Да, в самом деле: кто же? Ещё бы не важно.
Свечин любезно:
– Открою, что слышал, только конфиденциально. Могли бы поставить, конечно, любого остолопа, но кандидатуры, по слухам, обсуждаются такие: Головин или Рузский.
Головина?… Неужели подымут? Нашего?…
Гучков насадил пенсне. Оно заблестело повеселей:
– Головин – это бы замечательно.
Для Воротынцева каждое слово Гучкова шло по другому разбору: замечательно? А – для чего? В каком смысле?
– Корпусами смело будет двигать, – предсказал. – А сам будет двигаться очень осмотрительно. Он сильно изменился, господа. Он там у нас сейчас, генкварт Девятой. Он всегда должен действовать с дозволения начальства, иначе его способности как бы подавлены.
– И надолго это? – спрашивал Гучков очень заинтересованно. – А вы, Георгий Михалыч, в этом случае как? Не вернётесь в Ставку?
Догадался… Воротынцев энергично потёр щётку бороды, выражая глазами больше, чем словами:
– Во-первых, захочет ли Головин? И – он ли ещё будет? Во-вторых, окажется потом недоволен Алексеев. А в-третьих – нужен ли я там, Александр Иваныч? Там ли я нужен? Как это правильно понять?
И смотрел на Гучкова с ожиданием и надеждой.
– Рузский? – перебирал тот как своих подчинённых. – Вяловат. И слишком эгоист. А – кто ещё может быть?
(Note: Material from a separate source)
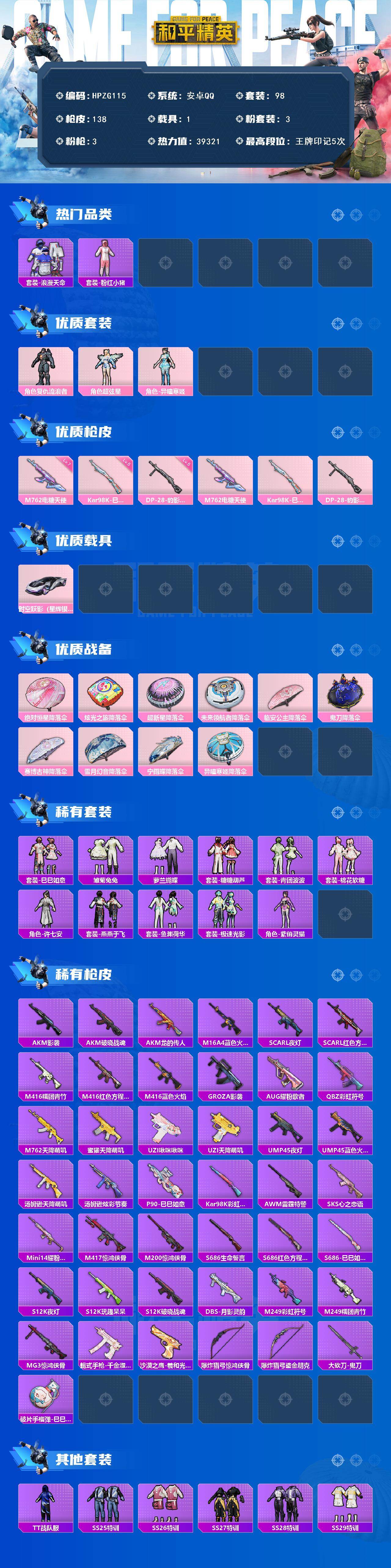【HPZG115】98套装/枪械3/装备180/载具1/战备109/王牌印记5/热力值39321/七级M762-电糖天使/五级Kar98K-巳巳如意/五级DP-28-豹影疾电/套装-浪漫天命/套装-粉红小猪/复仇流浪者/超弦星/角色-异瞳寒姬/时空跃影(星辉银)/M762-电糖天使/Kar98K-巳巳如意/DP-28-豹影疾电/绝对恒星降落伞/炫光之旅降落伞/超新星降落伞/未来领航者降落伞/临安公主降落伞/鬼刀降落伞/赛博古神降落伞/雪月幻音降落伞/宁雨蝶降落伞/异瞳寒姬降落伞/炫彩糖果降落伞/

Покинуло Гучкова бездеятельно-грустное, гражданско-домашнее выражение. Собрался он, поживел. Сосредоточился.
– Да что ж вы не курите, господа? Вероятно ведь курить хотите.
А у них обоих давно пальцы чесались, но щадили Гучкова. Теперь Свечин дотянулся форточку открыть. Задымили, Свечин трубку. Развалились.
Гучков тщательно прошёл тугой крахмальной салфеткой по губам, вокруг губ, под усами, по верху бороды. Отложил.
Поднялся. С рукой за бортом сюртука походил, едва заметно прихрамывая, по небольшому пространству, несколько шагов тут было. Он на глазах твердел и даже молодел.
Снова сел. Руки собрал в замок перед собой.
– Господа. Надеюсь, я могу рассчитывать на ваше молчание во всех случаях? Возьму с вас слово чести?
Да, конечно, разумеется.
И – чуть задорно голову назад, знаменитый дуэлянт. Седина у него только чуть прорисовалась – по переду бобрика и по краям бороды.
– Господа, я не вижу препятствий поделиться с вами соображениями, что ещё не упущено… совершить.
Так! Дождался Воротынцев часа своего! Не опоздал. Был здесь.
Гучков больше на него и смотрел.
С сознанием своей славы и власти в этой стране.
И с огоньком того риска, той вечной потребности в риске, что вела его черезо всю жизнь.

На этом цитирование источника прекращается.